Very non-deterministic, very dynamic, very very effective at making the best possible use of informed human judgment.
Replacing with a single tool (submittals) and a single dictum about how they must be used in a robotic assembly line would be an unmitigated disaster.
Actually, it would be MUCH worse than that.
It is not just editors who are people and can adjust their methods to achieve their goals most efficiently. Spammers are also, in a way, human (or partially human, or as C.S.Lewis might say, in the process of ceasing to be human. And they are also capable of adjusting their machinations based on information they have.
Ignore bobrat's reality: the totally insoluble problem of centrally allocating editors with specific skills to submittals -- mapping 600000 category queues into 60,000 editor queues with unknown service times. if the ODP announced that henceforth all submittals would be reviewed in order, and that there was currently a 140-day, 12-hour, 47-minute wait.
What would the spammers do?
Hmm.
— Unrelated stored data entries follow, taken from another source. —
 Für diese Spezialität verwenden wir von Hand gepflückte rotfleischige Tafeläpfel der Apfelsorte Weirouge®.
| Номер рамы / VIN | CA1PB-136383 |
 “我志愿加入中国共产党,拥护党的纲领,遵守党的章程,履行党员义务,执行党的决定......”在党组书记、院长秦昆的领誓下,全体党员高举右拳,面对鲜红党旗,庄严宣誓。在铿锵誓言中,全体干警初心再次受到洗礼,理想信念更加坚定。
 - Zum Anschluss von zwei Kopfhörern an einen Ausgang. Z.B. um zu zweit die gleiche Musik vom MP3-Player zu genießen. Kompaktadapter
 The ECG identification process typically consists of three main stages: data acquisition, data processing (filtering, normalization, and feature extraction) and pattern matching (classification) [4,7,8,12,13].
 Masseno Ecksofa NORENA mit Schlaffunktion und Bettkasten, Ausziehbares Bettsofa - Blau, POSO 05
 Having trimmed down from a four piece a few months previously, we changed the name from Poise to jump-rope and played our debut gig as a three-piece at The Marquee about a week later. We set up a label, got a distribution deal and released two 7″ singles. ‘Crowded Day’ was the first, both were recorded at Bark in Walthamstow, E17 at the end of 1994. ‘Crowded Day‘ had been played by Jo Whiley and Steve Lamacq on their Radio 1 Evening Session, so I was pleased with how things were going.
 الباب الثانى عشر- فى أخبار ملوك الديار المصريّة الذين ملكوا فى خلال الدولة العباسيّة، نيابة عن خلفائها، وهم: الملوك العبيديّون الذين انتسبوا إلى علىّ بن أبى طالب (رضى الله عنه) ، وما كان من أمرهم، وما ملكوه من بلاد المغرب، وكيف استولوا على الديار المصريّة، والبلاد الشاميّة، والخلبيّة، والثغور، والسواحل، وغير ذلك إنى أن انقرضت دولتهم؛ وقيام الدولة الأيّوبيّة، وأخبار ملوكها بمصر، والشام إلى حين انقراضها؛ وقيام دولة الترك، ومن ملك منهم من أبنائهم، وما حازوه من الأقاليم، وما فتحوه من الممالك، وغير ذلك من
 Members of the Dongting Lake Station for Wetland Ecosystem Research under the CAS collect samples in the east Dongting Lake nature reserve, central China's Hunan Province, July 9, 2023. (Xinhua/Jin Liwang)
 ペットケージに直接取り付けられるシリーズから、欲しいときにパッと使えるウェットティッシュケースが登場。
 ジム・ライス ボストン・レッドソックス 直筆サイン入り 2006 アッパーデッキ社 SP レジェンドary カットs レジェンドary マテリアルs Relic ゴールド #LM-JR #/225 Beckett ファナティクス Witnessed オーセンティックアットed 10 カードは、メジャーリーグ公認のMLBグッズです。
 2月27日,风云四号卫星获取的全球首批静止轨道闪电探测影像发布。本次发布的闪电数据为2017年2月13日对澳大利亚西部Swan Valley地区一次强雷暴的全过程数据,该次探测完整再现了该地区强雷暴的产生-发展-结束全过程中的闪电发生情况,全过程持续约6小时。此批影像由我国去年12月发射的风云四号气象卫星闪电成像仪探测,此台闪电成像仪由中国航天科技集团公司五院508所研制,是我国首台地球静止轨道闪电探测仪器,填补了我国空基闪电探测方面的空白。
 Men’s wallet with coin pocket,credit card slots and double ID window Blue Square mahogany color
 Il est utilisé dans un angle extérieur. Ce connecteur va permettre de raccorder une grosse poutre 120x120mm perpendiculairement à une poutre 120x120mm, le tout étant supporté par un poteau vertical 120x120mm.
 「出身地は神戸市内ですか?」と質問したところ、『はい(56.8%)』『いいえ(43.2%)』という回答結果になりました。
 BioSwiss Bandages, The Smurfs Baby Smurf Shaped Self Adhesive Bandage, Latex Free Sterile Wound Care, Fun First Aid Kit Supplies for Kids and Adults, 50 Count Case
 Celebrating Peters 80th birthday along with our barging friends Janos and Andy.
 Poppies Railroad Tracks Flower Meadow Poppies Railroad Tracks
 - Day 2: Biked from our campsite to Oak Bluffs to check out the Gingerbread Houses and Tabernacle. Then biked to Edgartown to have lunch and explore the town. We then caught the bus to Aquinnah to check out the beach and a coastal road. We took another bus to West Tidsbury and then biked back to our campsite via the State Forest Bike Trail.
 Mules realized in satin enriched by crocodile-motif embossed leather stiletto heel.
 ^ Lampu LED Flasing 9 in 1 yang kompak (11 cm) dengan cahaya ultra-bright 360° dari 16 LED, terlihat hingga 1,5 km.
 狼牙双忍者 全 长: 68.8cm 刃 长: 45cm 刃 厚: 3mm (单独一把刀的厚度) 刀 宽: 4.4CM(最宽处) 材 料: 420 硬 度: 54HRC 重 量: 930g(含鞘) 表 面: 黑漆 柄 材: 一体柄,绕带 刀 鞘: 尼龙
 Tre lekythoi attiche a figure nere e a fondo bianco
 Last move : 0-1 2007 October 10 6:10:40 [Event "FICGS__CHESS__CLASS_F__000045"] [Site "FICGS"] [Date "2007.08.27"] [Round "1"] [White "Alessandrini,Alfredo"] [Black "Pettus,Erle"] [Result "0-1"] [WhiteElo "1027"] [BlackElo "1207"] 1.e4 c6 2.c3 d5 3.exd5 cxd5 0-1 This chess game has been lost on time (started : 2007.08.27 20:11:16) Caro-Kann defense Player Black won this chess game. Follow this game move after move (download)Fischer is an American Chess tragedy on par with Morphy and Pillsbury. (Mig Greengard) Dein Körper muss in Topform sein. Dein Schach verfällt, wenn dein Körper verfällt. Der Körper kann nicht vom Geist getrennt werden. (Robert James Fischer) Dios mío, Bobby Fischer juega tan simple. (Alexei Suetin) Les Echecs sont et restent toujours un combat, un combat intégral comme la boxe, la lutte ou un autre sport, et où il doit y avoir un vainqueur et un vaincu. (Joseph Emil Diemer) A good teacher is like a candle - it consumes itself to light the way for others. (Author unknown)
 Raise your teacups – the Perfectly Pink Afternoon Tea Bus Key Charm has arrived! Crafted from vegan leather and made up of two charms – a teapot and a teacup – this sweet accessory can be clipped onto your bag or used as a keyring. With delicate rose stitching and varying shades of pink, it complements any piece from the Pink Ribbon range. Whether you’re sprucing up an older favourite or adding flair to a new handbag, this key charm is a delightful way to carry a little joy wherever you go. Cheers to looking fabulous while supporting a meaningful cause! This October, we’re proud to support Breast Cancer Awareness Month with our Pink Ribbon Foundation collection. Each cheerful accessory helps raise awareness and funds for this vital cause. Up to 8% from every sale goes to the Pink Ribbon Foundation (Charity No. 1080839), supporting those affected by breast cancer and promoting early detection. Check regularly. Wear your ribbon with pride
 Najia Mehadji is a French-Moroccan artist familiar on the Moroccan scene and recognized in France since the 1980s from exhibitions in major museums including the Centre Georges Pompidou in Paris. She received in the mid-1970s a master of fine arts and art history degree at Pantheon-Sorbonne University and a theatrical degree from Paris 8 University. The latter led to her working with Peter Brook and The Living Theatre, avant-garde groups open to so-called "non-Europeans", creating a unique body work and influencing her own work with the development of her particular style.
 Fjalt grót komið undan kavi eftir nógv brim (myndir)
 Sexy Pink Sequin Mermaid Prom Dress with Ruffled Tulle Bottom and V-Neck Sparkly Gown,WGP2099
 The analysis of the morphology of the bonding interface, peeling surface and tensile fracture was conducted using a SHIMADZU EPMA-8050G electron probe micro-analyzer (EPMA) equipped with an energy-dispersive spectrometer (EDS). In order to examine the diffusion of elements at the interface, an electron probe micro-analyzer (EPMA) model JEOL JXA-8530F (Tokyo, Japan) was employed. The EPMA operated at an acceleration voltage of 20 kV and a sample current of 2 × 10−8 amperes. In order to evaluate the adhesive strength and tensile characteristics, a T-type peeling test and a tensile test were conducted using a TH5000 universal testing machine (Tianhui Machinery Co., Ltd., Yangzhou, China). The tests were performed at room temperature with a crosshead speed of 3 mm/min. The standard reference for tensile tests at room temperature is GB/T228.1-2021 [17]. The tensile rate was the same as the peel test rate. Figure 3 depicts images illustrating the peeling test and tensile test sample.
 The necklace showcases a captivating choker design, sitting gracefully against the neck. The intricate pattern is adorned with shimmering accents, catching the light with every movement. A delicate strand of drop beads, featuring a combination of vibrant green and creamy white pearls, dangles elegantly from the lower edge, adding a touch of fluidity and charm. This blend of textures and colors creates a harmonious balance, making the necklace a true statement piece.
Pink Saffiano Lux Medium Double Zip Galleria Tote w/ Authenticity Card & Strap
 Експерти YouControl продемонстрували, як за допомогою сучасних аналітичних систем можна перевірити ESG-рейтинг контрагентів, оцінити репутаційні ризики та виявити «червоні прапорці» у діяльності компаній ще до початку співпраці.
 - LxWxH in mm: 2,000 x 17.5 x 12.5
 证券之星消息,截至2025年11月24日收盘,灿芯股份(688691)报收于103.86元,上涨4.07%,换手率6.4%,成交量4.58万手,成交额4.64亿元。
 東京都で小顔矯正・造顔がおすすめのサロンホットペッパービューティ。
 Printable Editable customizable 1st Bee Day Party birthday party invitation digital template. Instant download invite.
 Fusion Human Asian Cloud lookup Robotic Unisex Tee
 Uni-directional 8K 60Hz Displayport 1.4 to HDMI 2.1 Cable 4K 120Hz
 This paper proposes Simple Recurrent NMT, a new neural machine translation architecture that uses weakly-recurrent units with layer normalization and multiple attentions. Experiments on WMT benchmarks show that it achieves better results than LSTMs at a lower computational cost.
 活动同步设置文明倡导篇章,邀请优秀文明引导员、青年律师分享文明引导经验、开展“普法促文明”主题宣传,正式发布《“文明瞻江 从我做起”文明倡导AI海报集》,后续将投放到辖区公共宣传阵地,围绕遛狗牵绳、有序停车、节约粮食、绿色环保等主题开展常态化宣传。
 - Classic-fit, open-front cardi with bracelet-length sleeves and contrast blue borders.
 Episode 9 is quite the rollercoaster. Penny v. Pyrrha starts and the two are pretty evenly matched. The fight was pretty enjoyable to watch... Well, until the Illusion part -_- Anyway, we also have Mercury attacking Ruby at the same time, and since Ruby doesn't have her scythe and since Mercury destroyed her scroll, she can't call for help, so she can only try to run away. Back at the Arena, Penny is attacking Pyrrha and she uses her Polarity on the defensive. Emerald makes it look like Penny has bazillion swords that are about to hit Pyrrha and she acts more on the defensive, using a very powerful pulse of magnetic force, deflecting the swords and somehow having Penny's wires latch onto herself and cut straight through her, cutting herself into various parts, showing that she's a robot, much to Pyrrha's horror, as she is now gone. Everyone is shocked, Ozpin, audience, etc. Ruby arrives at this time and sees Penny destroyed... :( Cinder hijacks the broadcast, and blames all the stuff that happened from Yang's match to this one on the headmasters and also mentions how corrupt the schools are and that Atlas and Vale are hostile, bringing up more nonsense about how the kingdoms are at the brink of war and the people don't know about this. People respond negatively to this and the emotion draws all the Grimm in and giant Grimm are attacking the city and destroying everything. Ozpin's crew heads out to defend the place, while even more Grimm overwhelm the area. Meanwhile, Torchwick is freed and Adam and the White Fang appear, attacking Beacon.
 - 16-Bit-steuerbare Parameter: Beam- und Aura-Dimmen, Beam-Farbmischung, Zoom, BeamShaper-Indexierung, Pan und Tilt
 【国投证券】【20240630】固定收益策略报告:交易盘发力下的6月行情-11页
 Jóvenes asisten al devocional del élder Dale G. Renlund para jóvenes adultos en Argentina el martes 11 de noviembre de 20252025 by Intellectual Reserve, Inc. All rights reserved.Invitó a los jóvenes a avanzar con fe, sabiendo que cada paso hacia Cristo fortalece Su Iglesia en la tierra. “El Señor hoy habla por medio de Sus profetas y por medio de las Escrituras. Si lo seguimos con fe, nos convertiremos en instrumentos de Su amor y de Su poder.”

I know people pay $300 for a quick review at Yahoo. A domain name costs $6.95, or I could set up a name server and create subdomains virtually free.
All I have to do is submit a zillion dummy URLs today. I could probably hire third-world keyboardists for five cents a submittal, but even if it cost a dollar, no biggie. Because in only 130 days, I'm going to be selling those URLs at $300 a pop to webmasters who want immediate reviews. I'll be rich, Rich, RICH!
Of course, after submitting a year's supply (say half-a-million URLs), I'd mention this scam to my closest friends, who will all think, "that's a good idea, but I could just as well use deeplinks on a Geocities site, cut the price by $6.95, and take over the market." But it'll be too late, those third world keyboardists will have figured out the stunt and started moonlighting on their own quick-ODP-reviews-for-sale business.
And the ODP would have given complete control of its editing priorities into the hands of the most evil people on the internet.
Sorry, but that's not a first step towards anywhere I ever want to go.